▶ YOUR ASSIGNMENT
Exclude all pictures from your copy of the data below, which should otherwise match exactly.

▶ GIVEN DATA

=======

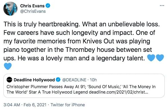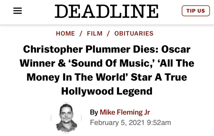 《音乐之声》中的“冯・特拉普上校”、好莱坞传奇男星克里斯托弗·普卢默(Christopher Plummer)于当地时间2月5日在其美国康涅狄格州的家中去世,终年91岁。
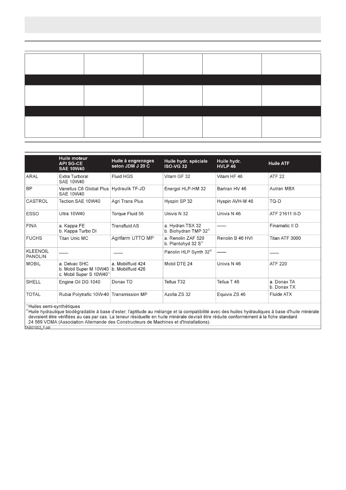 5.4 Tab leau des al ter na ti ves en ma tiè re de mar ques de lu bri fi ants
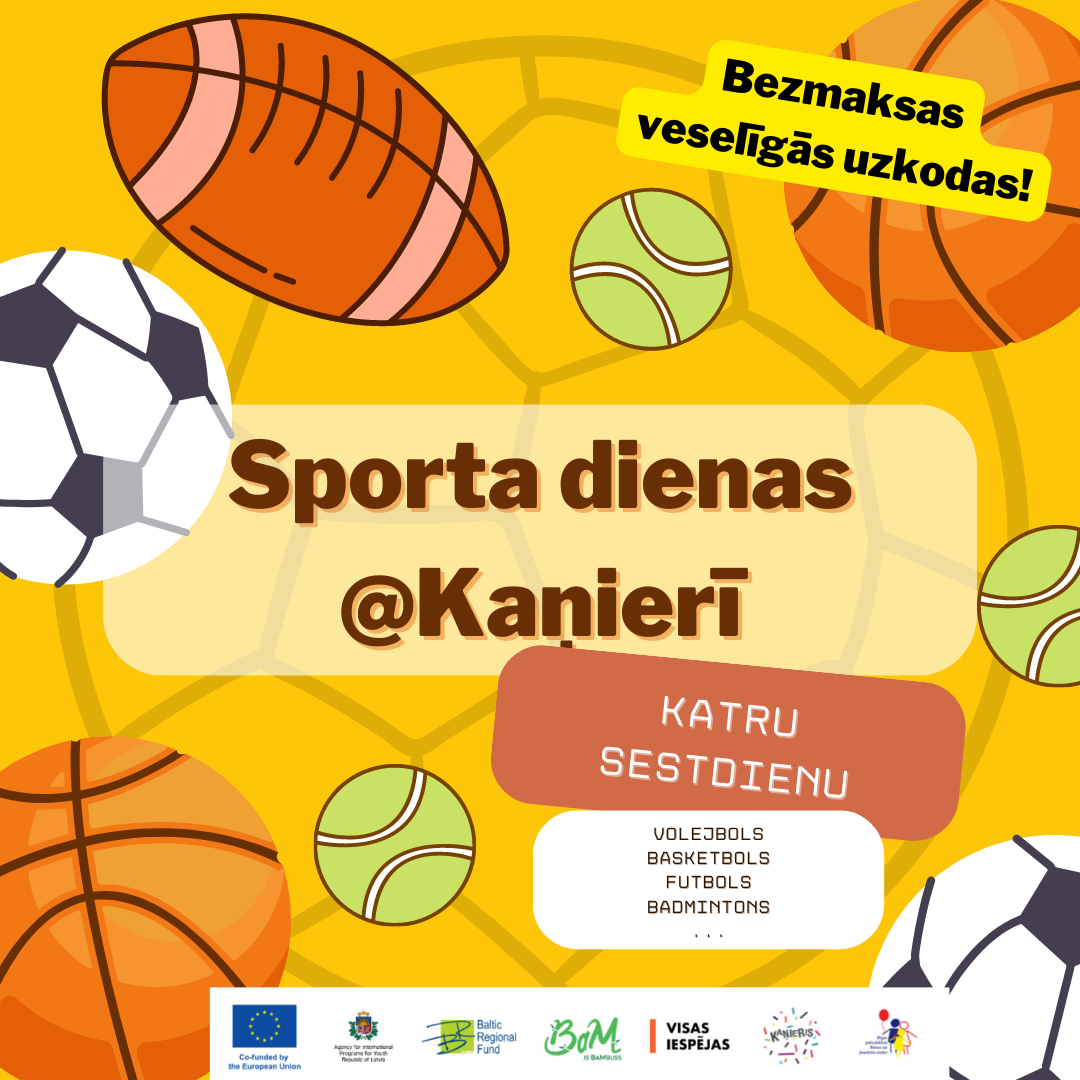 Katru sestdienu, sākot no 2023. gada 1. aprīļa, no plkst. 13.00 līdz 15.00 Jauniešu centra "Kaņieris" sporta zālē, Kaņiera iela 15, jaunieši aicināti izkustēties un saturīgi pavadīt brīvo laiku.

=======

▶ OUTPUT
 《音乐之声》中的“冯・特拉普上校”、好莱坞传奇男星克里斯托弗·普卢默(Christopher Plummer)于当地时间2月5日在其美国康涅狄格州的家中去世,终年91岁。
 5.4 Tab leau des al ter na ti ves en ma tiè re de mar ques de lu bri fi ants
 Katru sestdienu, sākot no 2023. gada 1. aprīļa, no plkst. 13.00 līdz 15.00 Jauniešu centra "Kaņieris" sporta zālē, Kaņiera iela 15, jaunieši aicināti izkustēties un saturīgi pavadīt brīvo laiku.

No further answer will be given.